Closed courao closed 5 years ago
Is xxx
a placeholder? Because the error message implies you're using a model tes
.
Have you placed your model data in the TESSDATA
directory for tesseract to find?
xxx means tes here, it's a model I trained with ocrd, actually it can give result for the input image in the output.txt file, but I still want know the reason for this problem and how to avoid it.
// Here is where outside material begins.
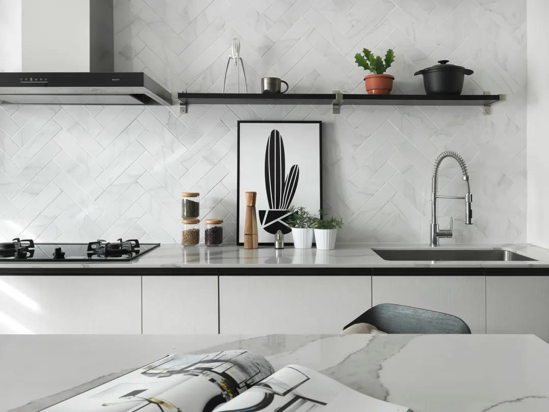 ▲厨房墙面的隔板架上的绿植与瓶瓶罐罐摆设,也让厨房显得更加文艺精致。

In addition, I compared generated .traineddata with the original one:
coura@coura-pc:~/tess_test/ocrd-train$ combine_tessdata -d data/eng.traineddata
Version string:4.00.00alpha:eng:synth20170629
17:lstm:size=401636, offset=192
18:lstm-punc-dawg:size=4322, offset=401828
19:lstm-word-dawg:size=3694794, offset=406150
20:lstm-number-dawg:size=4738, offset=4100944
21:lstm-unicharset:size=6360, offset=4105682
22:lstm-recoder:size=1012, offset=4112042
23:version:size=30, offset=4113054
coura@coura-pc:~/tess_test/ocrd-train$ combine_tessdata -d data/tes.traineddata Version string:4.0.0-beta.4-138-g2093
17:lstm:size=4063123, offset=192
21:lstm-unicharset:size=1034, offset=4063315
22:lstm-recoder:size=148, offset=4064349
23:version:size=22, offset=4064497
I find generated one seems missing some dawg files, how to add them?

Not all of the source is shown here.